_Problem statement_
The output should match, line for line, the records from the line containing "Søde og bløde" through the line containing "Figura 20. Después", with every picture left out.

_Provided records_
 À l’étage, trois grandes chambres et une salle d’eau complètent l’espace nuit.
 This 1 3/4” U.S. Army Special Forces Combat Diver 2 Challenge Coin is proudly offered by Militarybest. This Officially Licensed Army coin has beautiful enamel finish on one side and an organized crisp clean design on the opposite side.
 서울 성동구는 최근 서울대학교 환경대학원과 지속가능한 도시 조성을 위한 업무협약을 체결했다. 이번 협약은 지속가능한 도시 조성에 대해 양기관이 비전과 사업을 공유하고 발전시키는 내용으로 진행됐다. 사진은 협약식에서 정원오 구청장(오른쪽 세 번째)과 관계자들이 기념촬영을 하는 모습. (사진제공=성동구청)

---

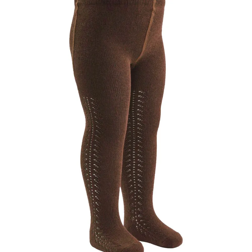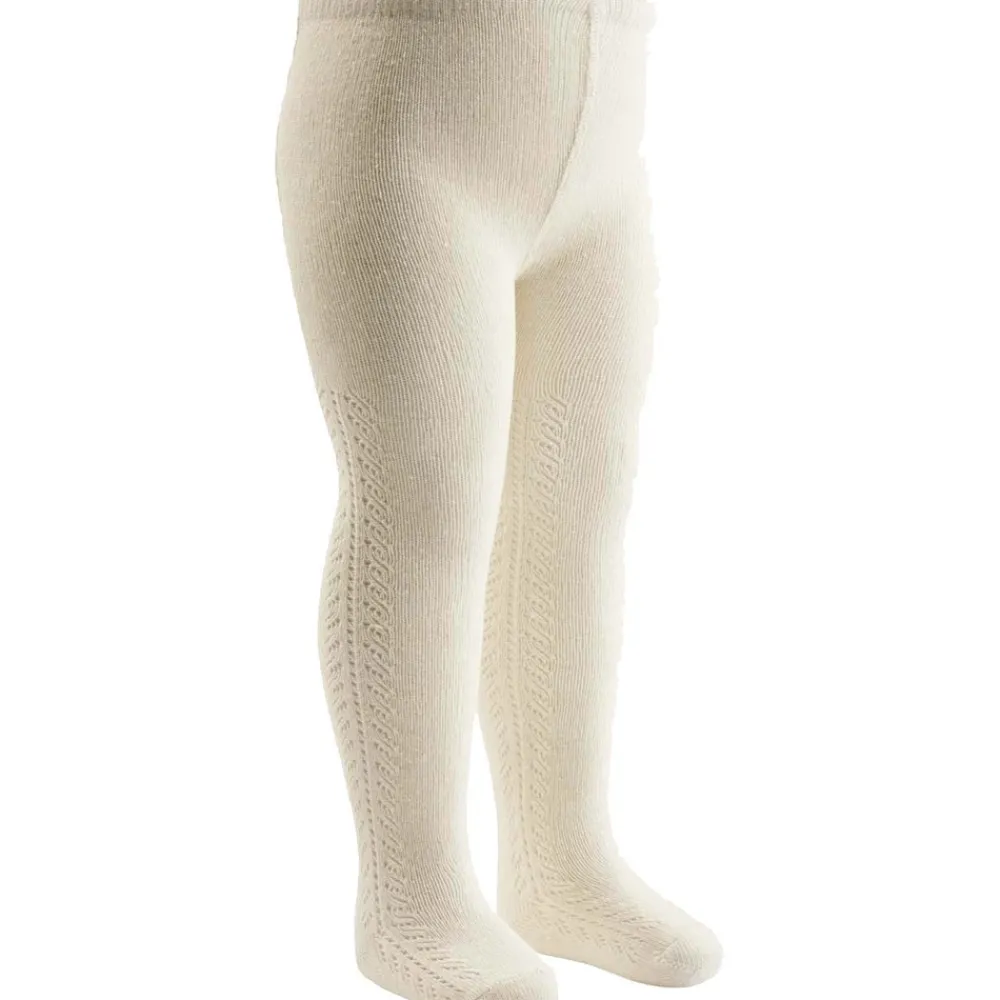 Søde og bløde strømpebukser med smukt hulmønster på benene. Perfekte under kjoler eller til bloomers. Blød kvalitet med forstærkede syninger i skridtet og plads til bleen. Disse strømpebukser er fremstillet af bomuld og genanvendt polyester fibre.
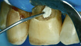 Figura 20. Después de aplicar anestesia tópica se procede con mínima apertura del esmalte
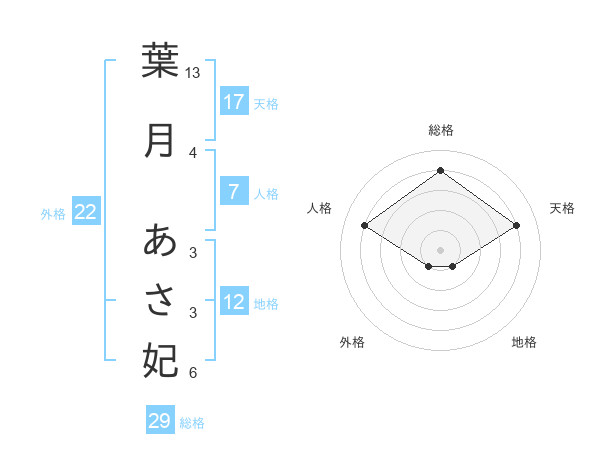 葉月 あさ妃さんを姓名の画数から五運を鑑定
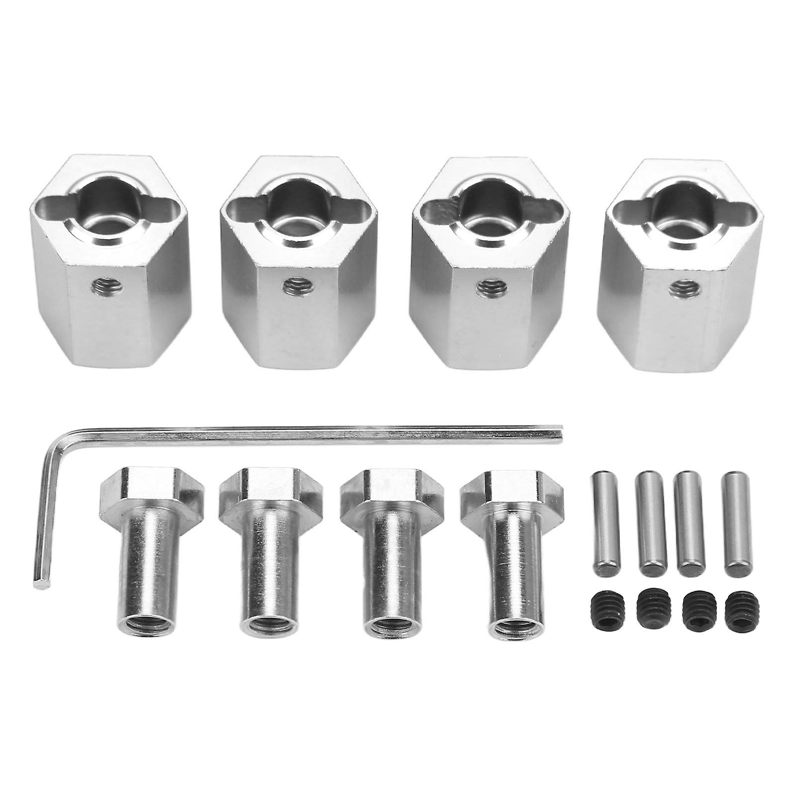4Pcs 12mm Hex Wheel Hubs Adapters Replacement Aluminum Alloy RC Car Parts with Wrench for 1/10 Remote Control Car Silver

--

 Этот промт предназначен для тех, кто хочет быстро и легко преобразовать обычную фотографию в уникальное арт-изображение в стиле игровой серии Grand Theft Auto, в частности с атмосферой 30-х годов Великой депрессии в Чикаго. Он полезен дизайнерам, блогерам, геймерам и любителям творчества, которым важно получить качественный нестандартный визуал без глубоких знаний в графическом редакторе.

_Task response_
 Søde og bløde strømpebukser med smukt hulmønster på benene. Perfekte under kjoler eller til bloomers. Blød kvalitet med forstærkede syninger i skridtet og plads til bleen. Disse strømpebukser er fremstillet af bomuld og genanvendt polyester fibre.
 Figura 20. Después de aplicar anestesia tópica se procede con mínima apertura del esmalte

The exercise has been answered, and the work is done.